Пес прыгал вокруг, рискуя свалить двух ослабевших людей.
— Волчок, Волчара! — растроганно бормотал Данька, не уворачиваясь от его упоенного лизанья. Хорхе тоже перепало собачьих ласк, и он тоже не отворачивался. — Куда ж ты чертову девку девал? Загрыз? Неужто загрыз?
Волчок не отвечал, только лаял да снова начинал лизаться.
«Хорошо бы и впрямь загрыз», — с надеждой подумал Данька.
— Вижу лодку! — прохрипел над ухом Хорхе. — Вон там!
Данька тоже увидел челночок. Ох, грех, конечно, небось обездолят они кого-то кражею! Но ведь им надо жизнь спасать... А все равно грех!
Данька не без совестливости покосился на Хорхе — все ж монах, у них с этим делом, с грехами-то, суд короткий. Но черноокий иноземец смотрел на лодку с истинным вожделением. «А что ж, не зря говорят: не согрешишь — не покаешься! Деваться-то некуда! Небось он сейчас все свои монашьи привычки в карман запрятал. Ну и ладно».

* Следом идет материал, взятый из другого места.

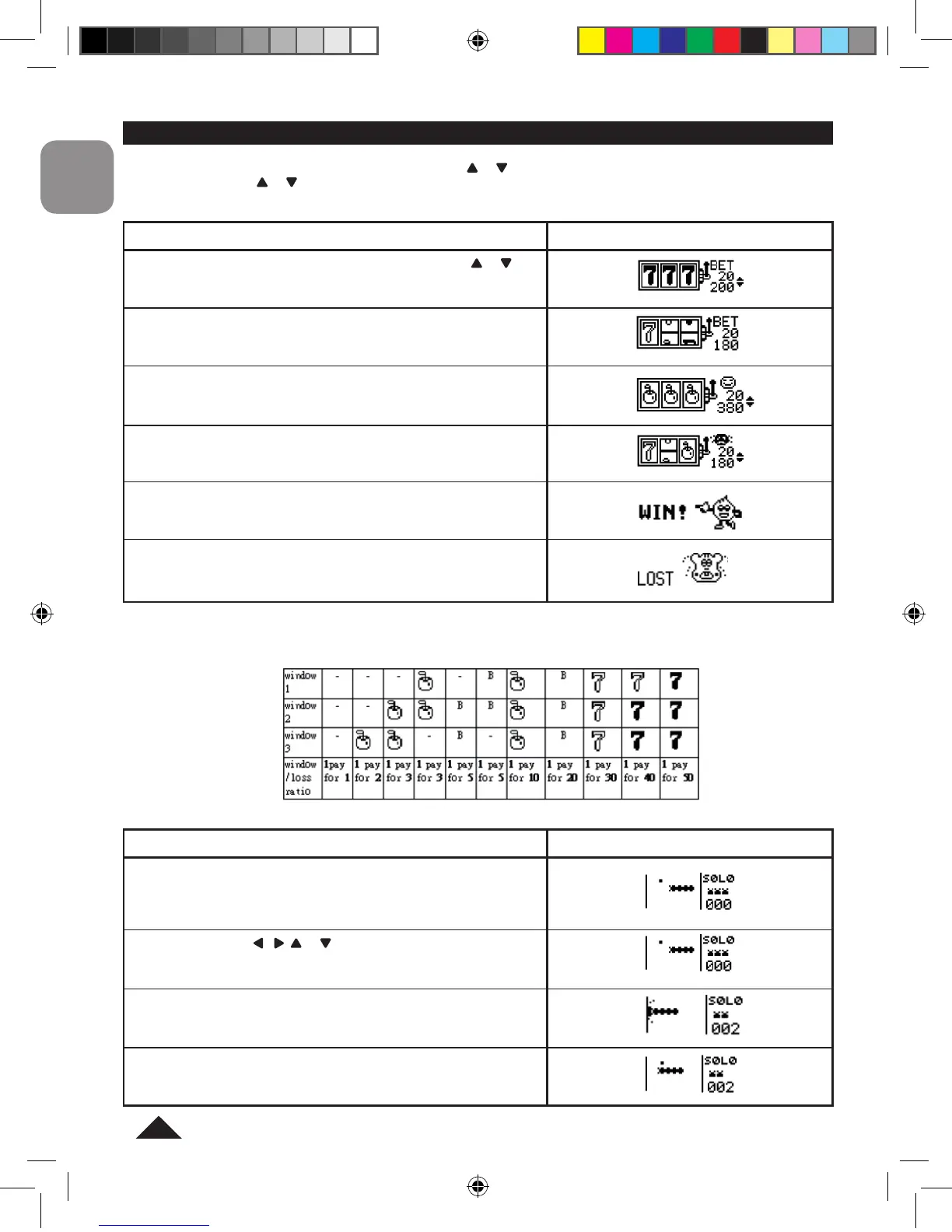 « 20 » est la mise (BET) par défaut, utilisez les touches et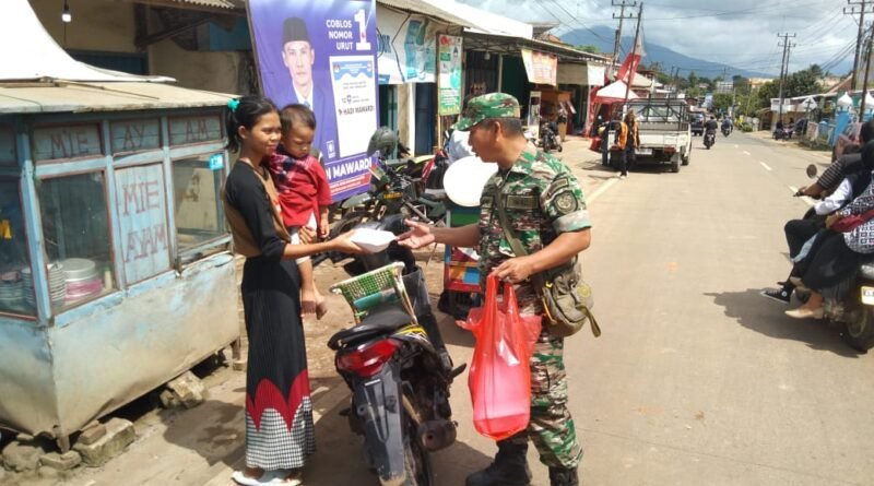 Jum’at Berkah, Koramil 0108/Bojong Kodim Pandeglang Bagikan Nasi Kotak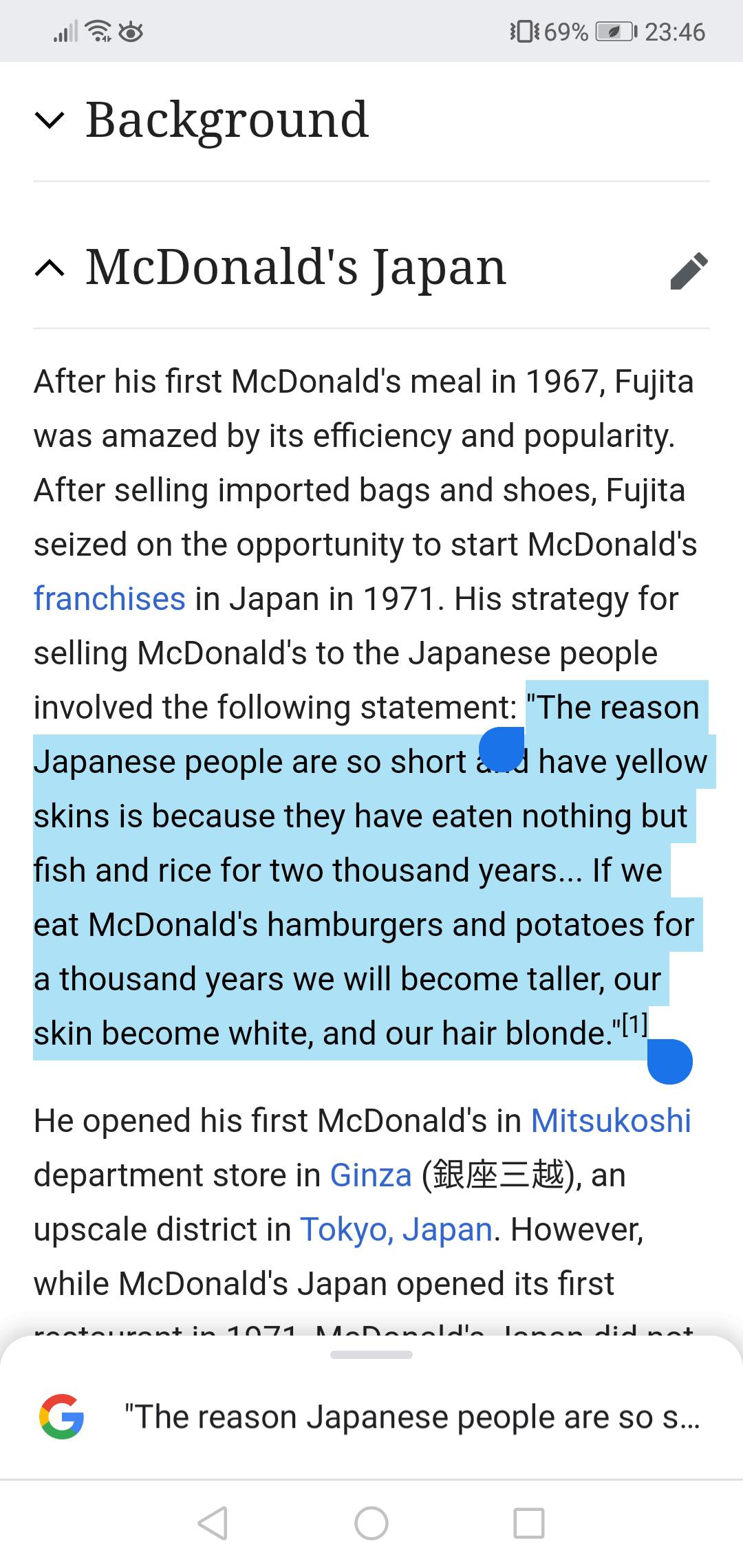 日本マクドナルド創業者「日本人がチビで黄色で醜いのは米と魚を食べるから。マックを食べれば白人のように色白、金髪、高身長になれる」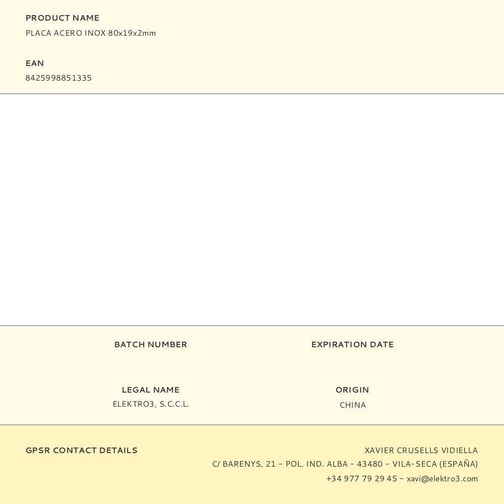 PLACA ACERO INOX 80x19x2mm | Repuesto de calidad, compatible y fácil de instalar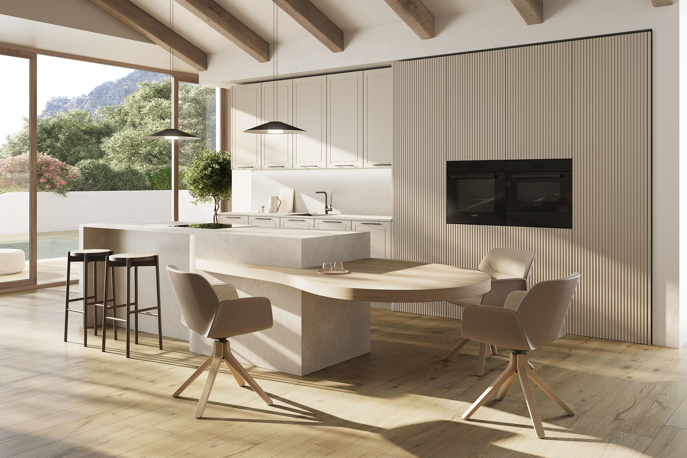 Es una cocina que se integra con naturalidad en el hogar, acompañando la vida diaria con una belleza atemporal.

Данька помог Хорхе присесть на бережок и пошел сталкивать лодку в воду. Обернулся, услышав лай Волчка, с захолодевшей спиной: а вдруг откуда ни возьмись «русалка» объявилась?!
Но никакой русалки там не было, только водяной. Водяного самозабвенно изображал Хорхе, который заполз в реку, ожесточенно плескал на себя водой, тер заскорузлое тело, ерошил мокрые волосы... Волчок, конечно, не выдержал, принял это за игру, кинулся взбивать тучу брызг...
Словом, к тому времени, когда Данька столкнул лодку в воду и отыскал припрятанные в ближних зарослях весла (счастье, что этот рыбачек жил по закону. «Авось добра не тронут, небось не украдут!»), оба были мокрехоньки — хоть выкручивай да сушить вешай либо на песочке раскладывай, — что пес, что иноземец. Хорхе теперь меньше напоминал оживший труп, и Данька, помогая ему забраться в лодку, усаживая на корме Волчка, садясь за весла и, наконец, выправляясь по течению, непрестанно ощущал на себе взгляд его усталых, но благодарных, ласковых, сияющих глаз. И думал, думал, как прежде:
«Не глаза, а погибель. Девичья погибель!»
— Сторонись! Зашибу! Сторонись, сволочи!
Этот высокий, ошалелый мальчишеский визг вздымался над полем и заглушал все звуки, сопровождавшие охоту: крики егерей, горячивших коней и подгонявших собак, которые, впрочем, и без понуканий угнали далеко вперед; лай осатаневших от близкой добычи борзых; тяжелое дыхание усталых от сегодняшних беспрестанных гонок коней; возбужденные вопли охотников, видевших близость добычи и всячески старавшихся опередить на подступах к ней другого... Бедная лисица была одна на всех — на свору собак, свору коней, свору людей, но, чудилось, отчаянней, горячей всех желал настигнуть ее юнец в черном полу кафтанчике нараспашку, из-под которого был виден шелковый темно-зеленый камзол с широким поясом. Полукафтан надувался над его спиной, словно парус; шапка давно слетела, короткие черные волосы стояли дыбом, взвихренные ветром; глаза, полные слез, вышибленных тем же ветром, чудилось, остекленели от напряжения, зубы стиснулись, меж них рвался этот не то визг, не то вой его хлесткой плетки, впрочем, ни у кого не было охоты испытать ее на своих плечах. Это не просто мальчишка двенадцати лет, а не кто иной, как родной внук ломателя, ниспровергателя и сокрушителя Петра Великого, сын злосчастного царевича Алексея Петровича, кончившего жизнь свою в застенке. Стадо быть, государь император, самодержец всероссийский, царь Петр Второй Алексеевич.